The scale of a scale drawing tells us how the drawing's dimensions and the real-life dimensions are related. For example, the scale 1 \text{ in.} : 12 \text{ ft.} tells us that 1 inch in the floor plan drawing represents 12 feet in the actual building.
A graphic scale represents a scale by using a small line with markings similar to a ruler. One side of the line represents the distance on the map, while the other side represents the true distances of objects in real life. By measuring the distance between two points on a map and then referring to the graphic scale, we can calculate the actual distance between those points. In this picture, you can see that 1 cm on the scale represents 250 kilometers in real life and 1.5 cm on the scale represents 250 miles in real life.
A verbal scale uses words to describe the ratio between the map's scale and the real world. For example, we could say "One inch equals fifteen miles" or we could write it as 1 \text{ in.} = 15 \text{ miles}. This means that one inch on the map is equivalent to 15 miles in the real world.
The examples above include scales with units. A scale with two dimensions listed in the same unit, such as 1 \text{ in.}:48 \text{ in.}, can be written without units, such as 1:48. This is called the scale ratio.
When a ratio is fully simplified, we call it a simplified scale ratio.
| Scale with units | Scale without units |
|---|---|
| 1 \text{ in.} : 4 \text{ ft.} | 1 : 48 |
The ratio of 1 : 48 can also be written as the fraction \dfrac{1}{48}. This fraction is called the scale factor. It tells us that the dimensions of the model are \dfrac{1}{48}\text{th} the size of the dimensions in real life.
Here are some helpful unit conversions before we get started with examples.
\begin{aligned} 1 \text{ ft} &= 12 \text{ in} \\ 1 \text{ yd} &= 3 \text{ ft or } 36 \text{ in} \\ 1 \text{ mi} &= 1 \, 760 \text{ yd} \end{aligned}
\begin{aligned} 1 \text{ cm} &= 10 \text{ mm} \\ 1 \text{ m} &= 100 \text{ cm} \\ 1 \text{ km} &= 1 \, 000 \text{ m} \end{aligned}
Examples
Example 1
Convert the following description to a simplified scale ratio:
3 cm represents an actual distance of 9 m.
Example 2
Bianca is looking over a map of her local area and notices that the scale of the map is given as
1 : 100 in the map legend.
Find the actual distance (in centimeters) between two points which are drawn 12 cm apart on that map.

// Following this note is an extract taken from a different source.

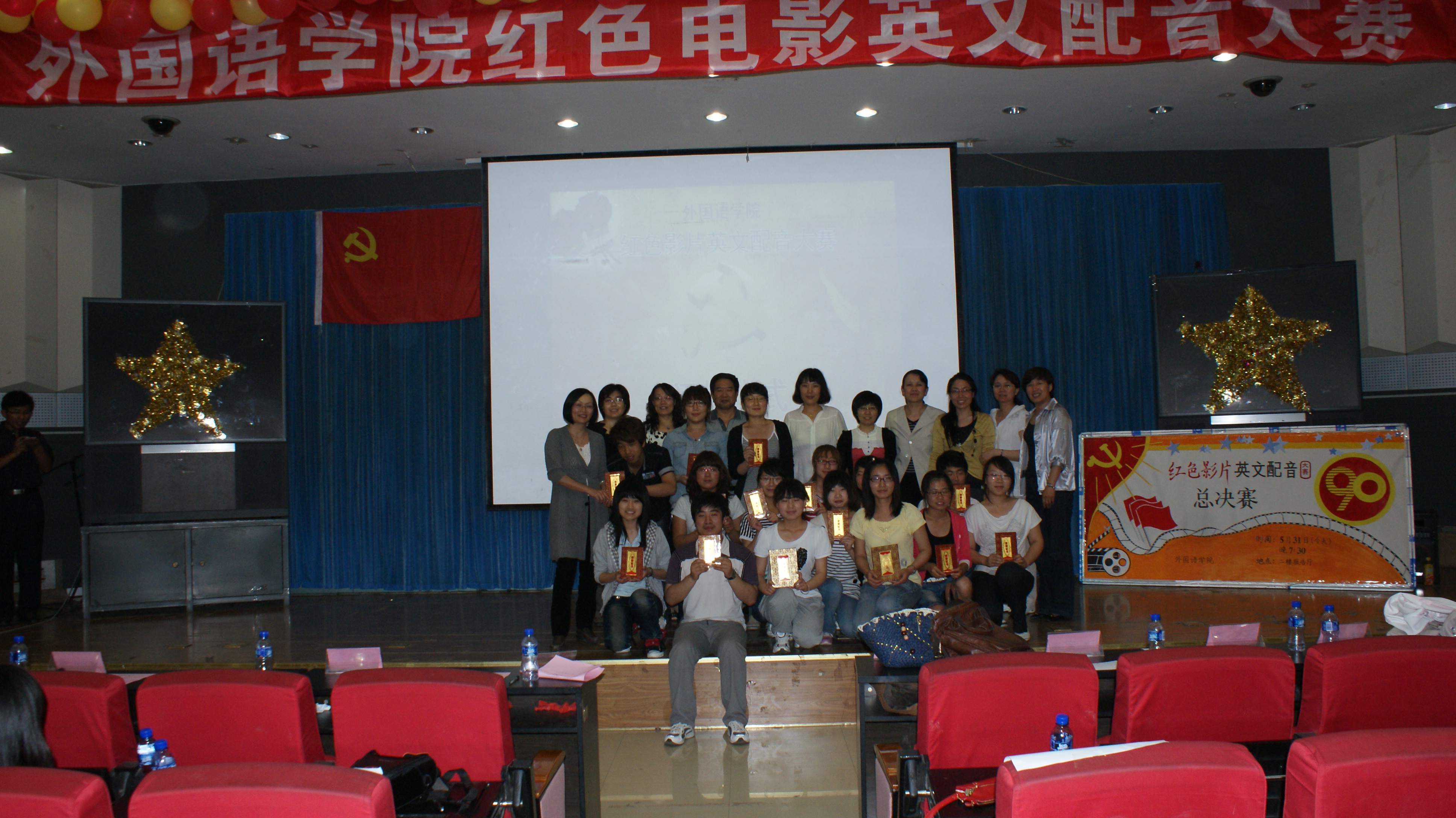 2011年5月31日晚,由beat365官方网站beat365官方网站主办的2011年第一届红色影片英文配音大赛在开发区校区学术报告厅隆重举行。担任本次比赛的评委有beat365官方网站应用英语教学部主任马晓迎老师,商务英语教学部主任洪爱云老师,专业英语教学部刘丽敏老师、宋洁老师,公共外语教学部樊荣萍老师、罗翠丽老师、王力老师。出席本次比赛的嘉宾有beat365官方网站党委书记刘朝晖老师,beat365官方网站党委副书记、副院长宋文华老师,beat365官方网站副院长游建民,beat365官方网站副院长崔海英老师,四百余名学生出席观看了本次大赛。

Find the distance in meters between the two points from part (a).
Example 3
The scale ratio shown on a map is 1 : 500\,000. How far apart on the map should two train stations be drawn if the actual distance between the stations is 100 miles?
Using the fact 1 \text{ mile} = 63\,360 \text{ inches}, express your answer in inches, rounding to two decimal places.
A scale drawing is a diagram of an object in which the dimensions are in proportion to the actual dimensions of the object.
The scale of a scale drawing tells us how the drawing's dimensions and the real-life dimensions are related.
A scale with two dimensions listed in the same unit and can be written without units is called the scale ratio.
When a ratio is fully simplified, we call it a simplified scale ratio.